§ Description of the task
Pictures aside, repeat the whole listing word for word.
[[ Excerpted data open ]]
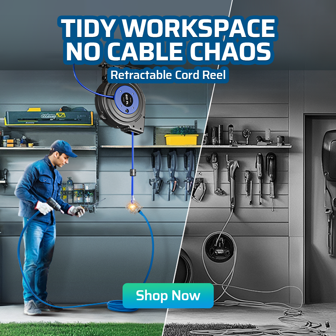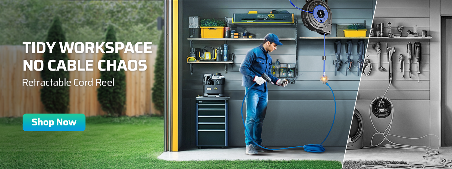 "I mounted a Dewenwils retractable extension cord on the wall of my garage. It was really easy to install."
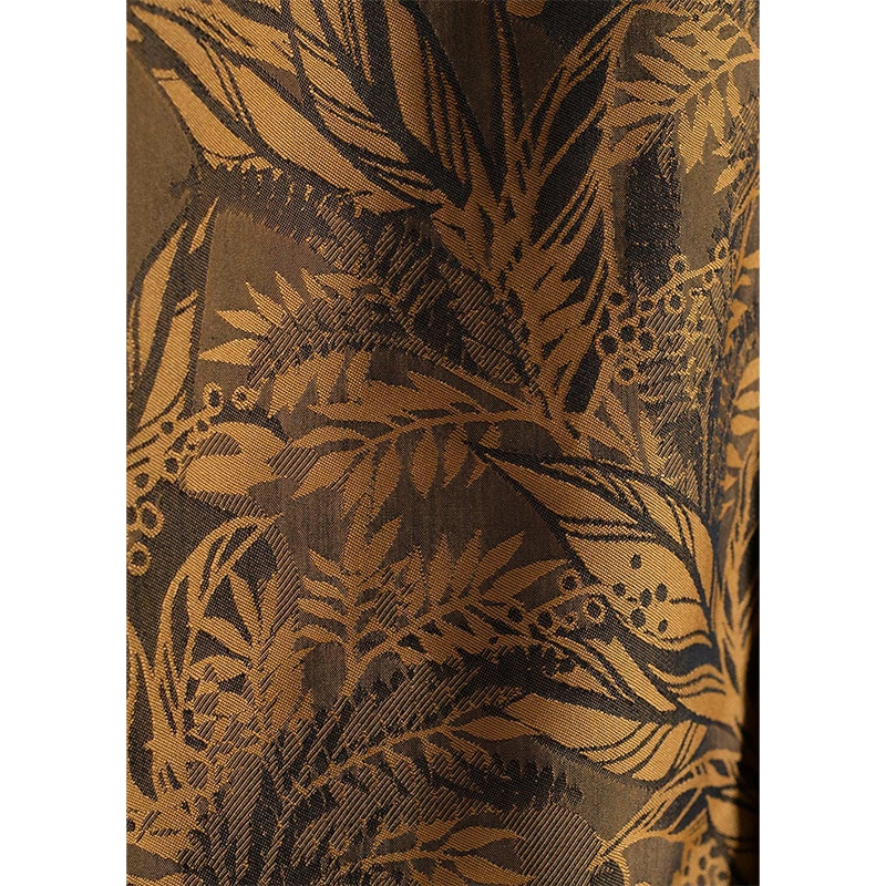 沖縄のシダ植物の中にヤンバルクイナなどの野鳥を忍ばせ、斜めにあしらった葉が洗練されたシャープさを演出。落ち着いた色合いで品よく着こなせ、贈り物にも人気です。
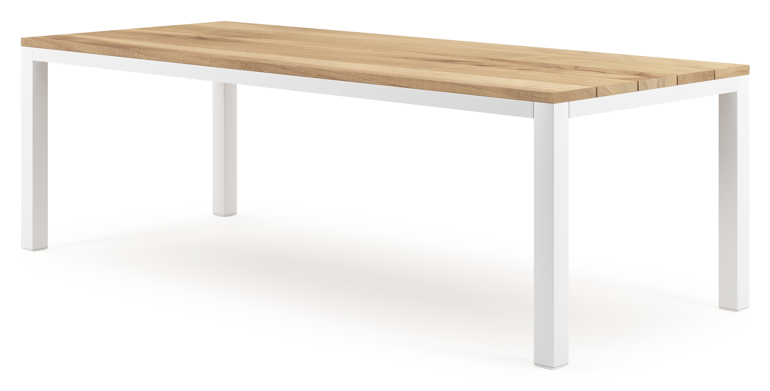 Een tafelblad uit teak staat gelijk aan bijzondere kwaliteit en natuurlijk design. Teak is een kwalitatieve houtsoort gekenmerkt door zijn hardheid. Aangezien hout leeft, kan de structuur of kleur licht anders zijn dan op het beeld weergegeven.
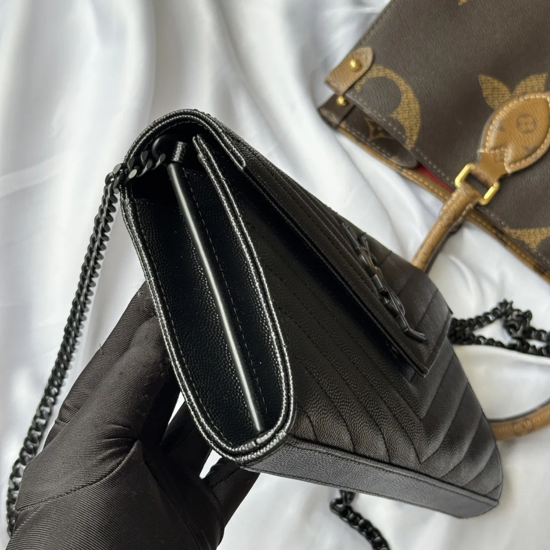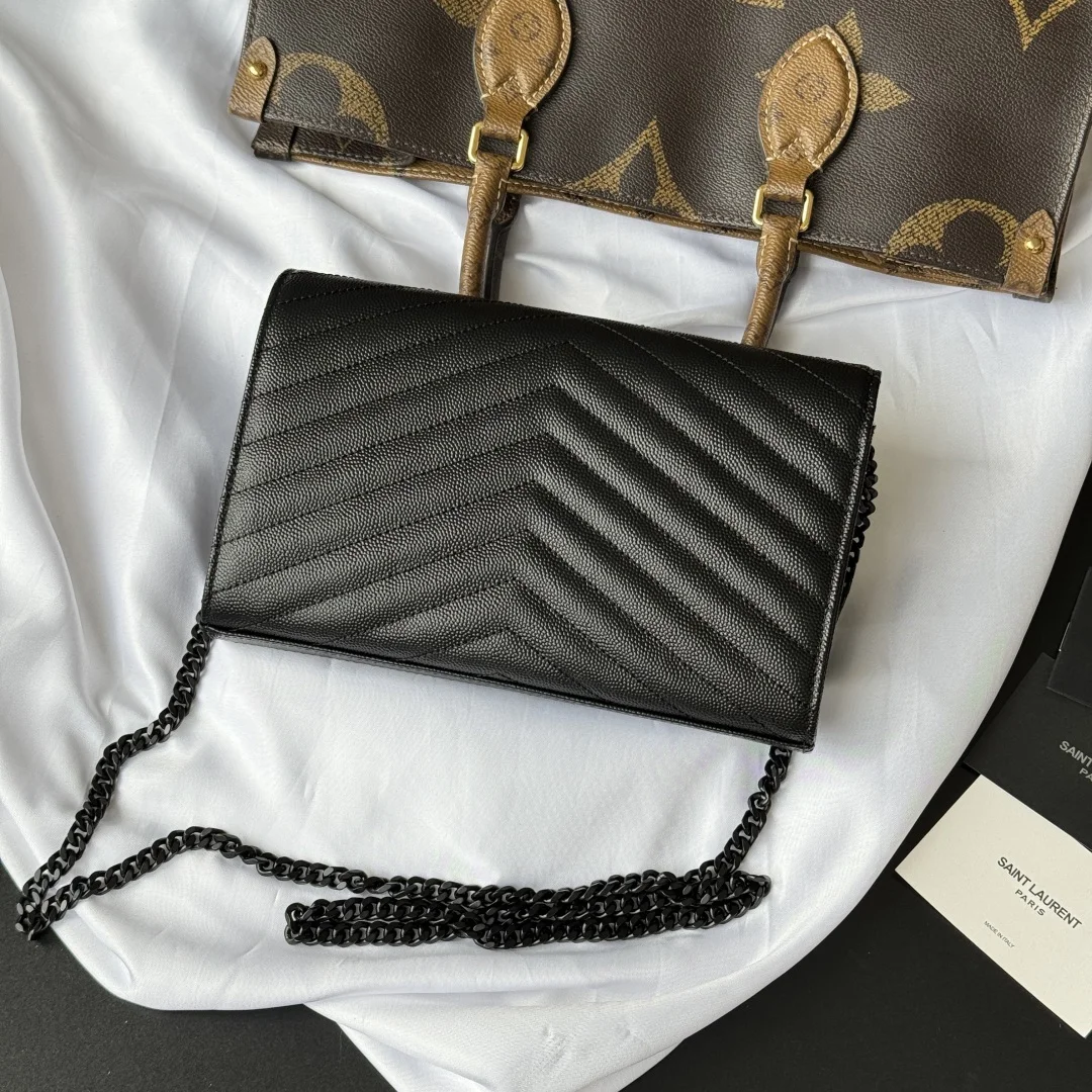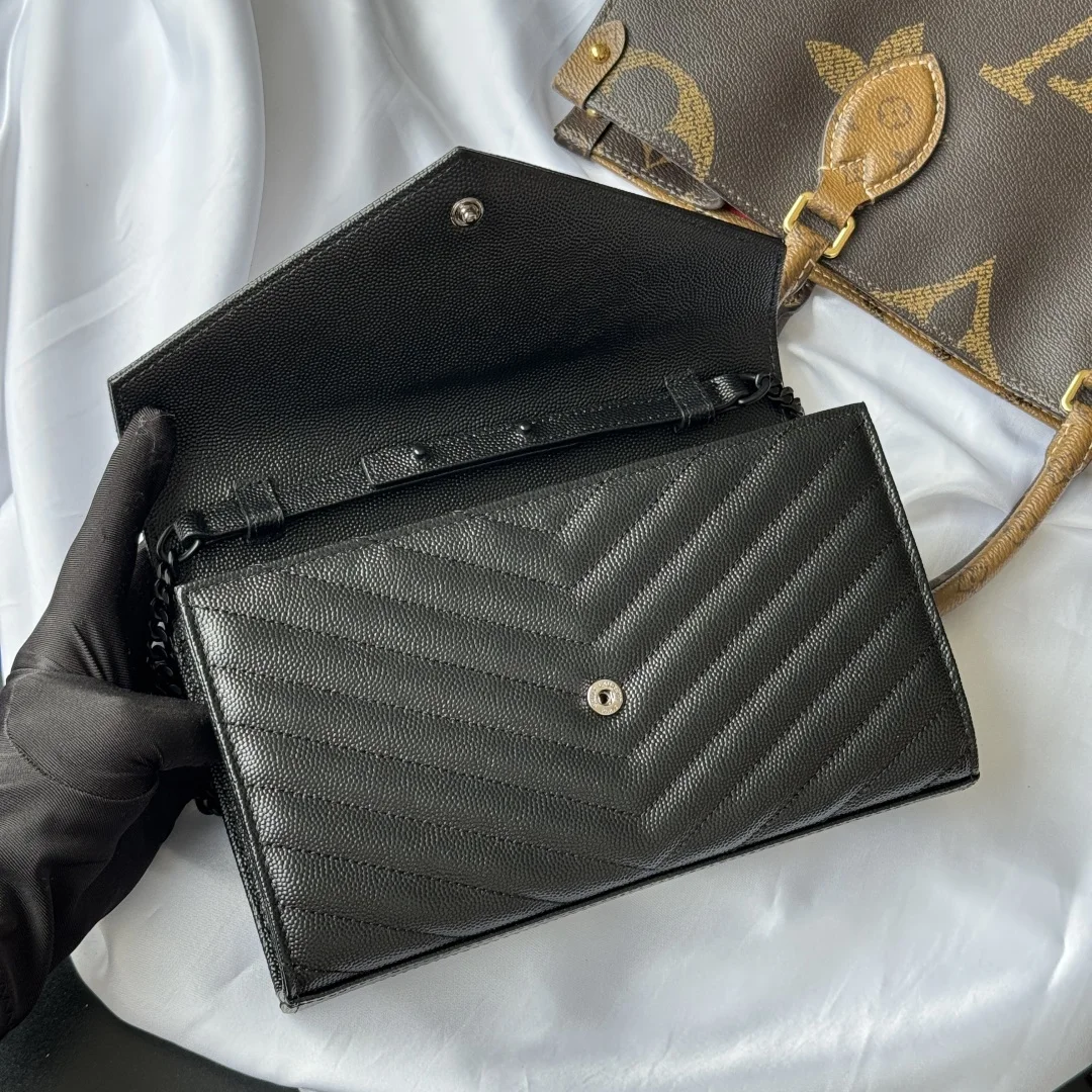 Monogram Wocysl Envelope Wallet in Caviar Leather. This super practical small bag is an upgraded version of the most classic style, made with 100% original factory cowhide and fine handcraftsmanship. It features a custom metal YSL logo for a personalized touch, and a flap design for security. Despite its small size, it offers a large capacity with 20 card slots, two bill compartments, two central compartments, and one zippered inner pocket to hold everything you need. Model: 360452. Dimensions: 22.5x14x4cm.
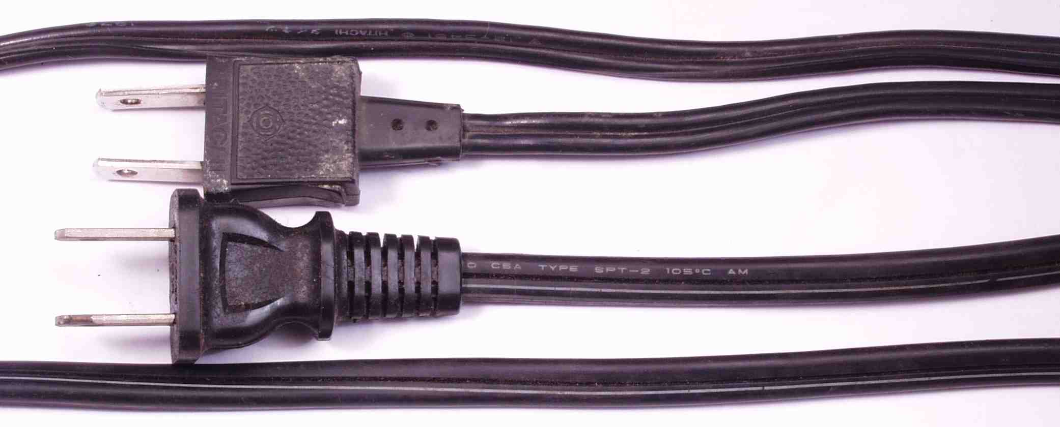 A7. 修理前見積り点検中。 ACコードの比較。 上=付いている物。 下=交換する物
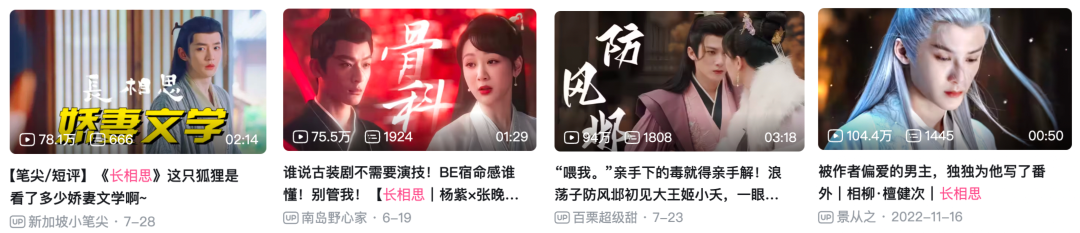 其中最直接的就是對(duì)劇集的宣發(fā)作用。優(yōu)質(zhì)的二創(chuàng)內(nèi)容可以在劇宣前期提升用戶興趣,吸引用戶觀看。在中期與后端則通過各種劇情向二創(chuàng)、CP向二創(chuàng)、解說混剪提升用戶留存,以及延長(zhǎng)劇集的長(zhǎng)尾效應(yīng)。
[[ Excerpted data closed ]]
§ Final answer
 "I mounted a Dewenwils retractable extension cord on the wall of my garage. It was really easy to install."
 沖縄のシダ植物の中にヤンバルクイナなどの野鳥を忍ばせ、斜めにあしらった葉が洗練されたシャープさを演出。落ち着いた色合いで品よく着こなせ、贈り物にも人気です。
 Een tafelblad uit teak staat gelijk aan bijzondere kwaliteit en natuurlijk design. Teak is een kwalitatieve houtsoort gekenmerkt door zijn hardheid. Aangezien hout leeft, kan de structuur of kleur licht anders zijn dan op het beeld weergegeven.
 Monogram Wocysl Envelope Wallet in Caviar Leather. This super practical small bag is an upgraded version of the most classic style, made with 100% original factory cowhide and fine handcraftsmanship. It features a custom metal YSL logo for a personalized touch, and a flap design for security. Despite its small size, it offers a large capacity with 20 card slots, two bill compartments, two central compartments, and one zippered inner pocket to hold everything you need. Model: 360452. Dimensions: 22.5x14x4cm.
 A7. 修理前見積り点検中。 ACコードの比較。 上=付いている物。 下=交換する物
 其中最直接的就是對(duì)劇集的宣發(fā)作用。優(yōu)質(zhì)的二創(chuàng)內(nèi)容可以在劇宣前期提升用戶興趣,吸引用戶觀看。在中期與后端則通過各種劇情向二創(chuàng)、CP向二創(chuàng)、解說混剪提升用戶留存,以及延長(zhǎng)劇集的長(zhǎng)尾效應(yīng)。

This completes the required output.